# Time Series I/O Library
## Guided Tour

The Time Series I/O package provides a basic Time Series model, represented by the **TimeSeries** class. A TimeSeries object simply contains a name, a *dict* of its "attributes" (which represents information about the Time Series) and a pandas.Series with (date, value) pairs. Here is an example of creating a TimeSeries:

In [None]:
import pandas as pd
from tsio import TimeSeries

attributes = {
             "TYPE": "TEST",
             "CODE": "000001",
             "ISSUE_DATE": pd.to_datetime("2018-01-01")
             }
dates = list(map(pd.to_datetime, ["2018-01-01", "2018-02-01", "2018-03-01"]))
values = [1, 2, 3]
dated_values = pd.Series(index=dates, data=values)

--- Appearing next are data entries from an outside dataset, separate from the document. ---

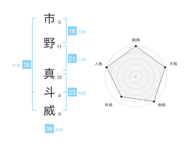 市野 真斗威さんを姓名の画数から五運を鑑定
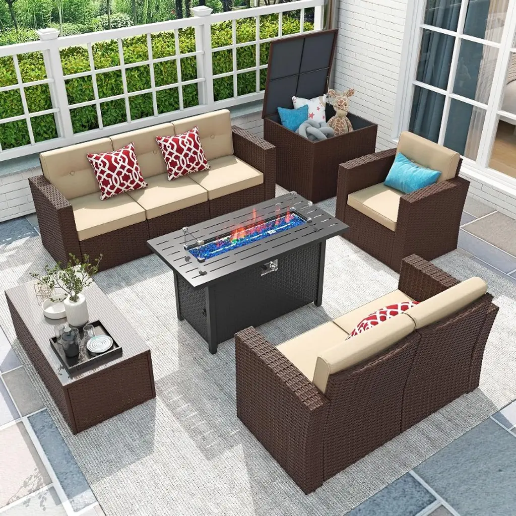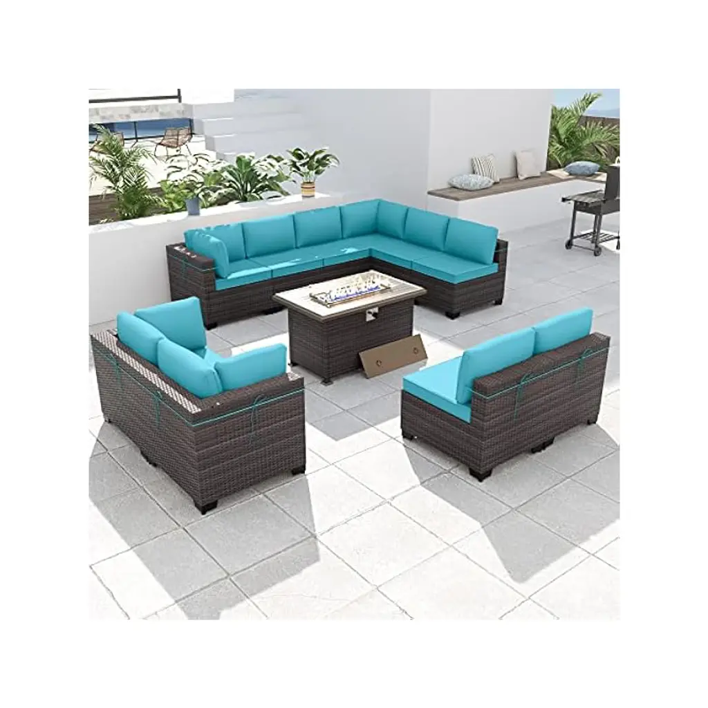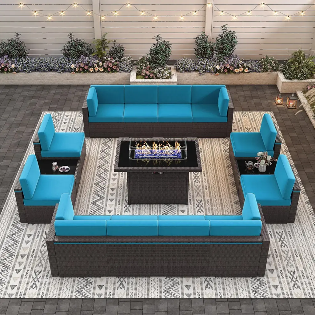7 Piece Patio Conversation Set With Fire Pit Table Blue
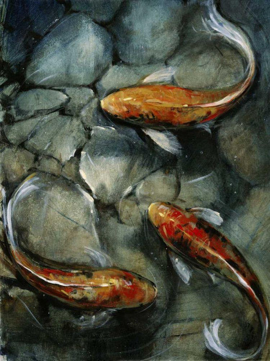 Tres Koi I White Modern Wood Framed Art Print with Double Matting by OToole, Tim
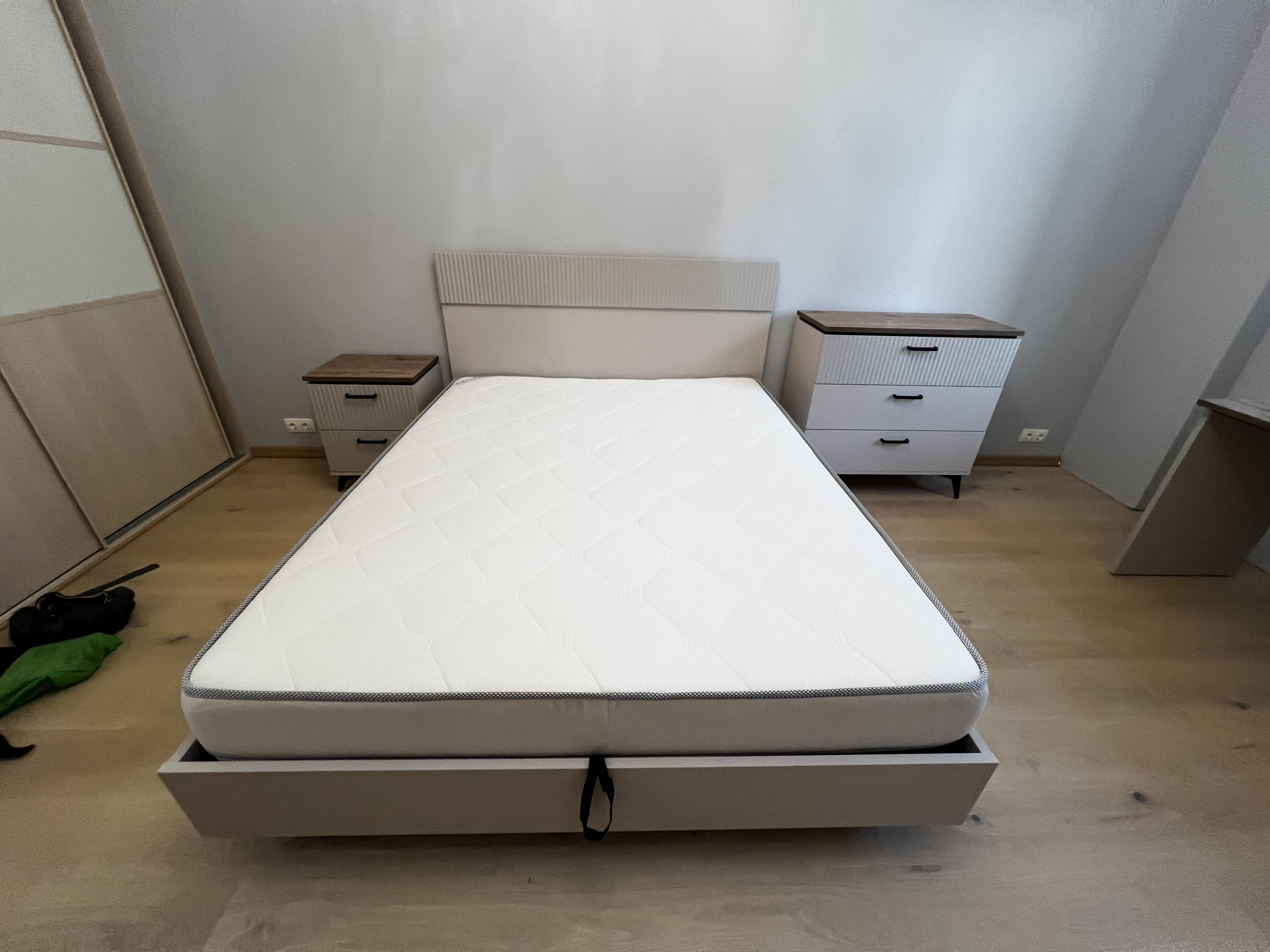 Благодаря шариковым направляющим ящики открываются плавно и бесшумно — идеально для спальни. Каждый из двух ящиков выдерживает до 5 кг, а столешница — до 10 кг нагрузки.

timeseries = TimeSeries("Example Time Series")
timeseries.update_attributes(attributes)
timeseries.update_values(dated_values)

In [None]:
# Check content of the Time Series.
print(timeseries.ts_name)
print("\n" + "*"*20 + "\n")
print(timeseries.ts_attributes)
print("\n" + "*"*20 + "\n")
print(timeseries.ts_values)
print("\n" + "*"*20 + "\n")

# When the whole Time Series is printed, it shows all of its content.
print(timeseries)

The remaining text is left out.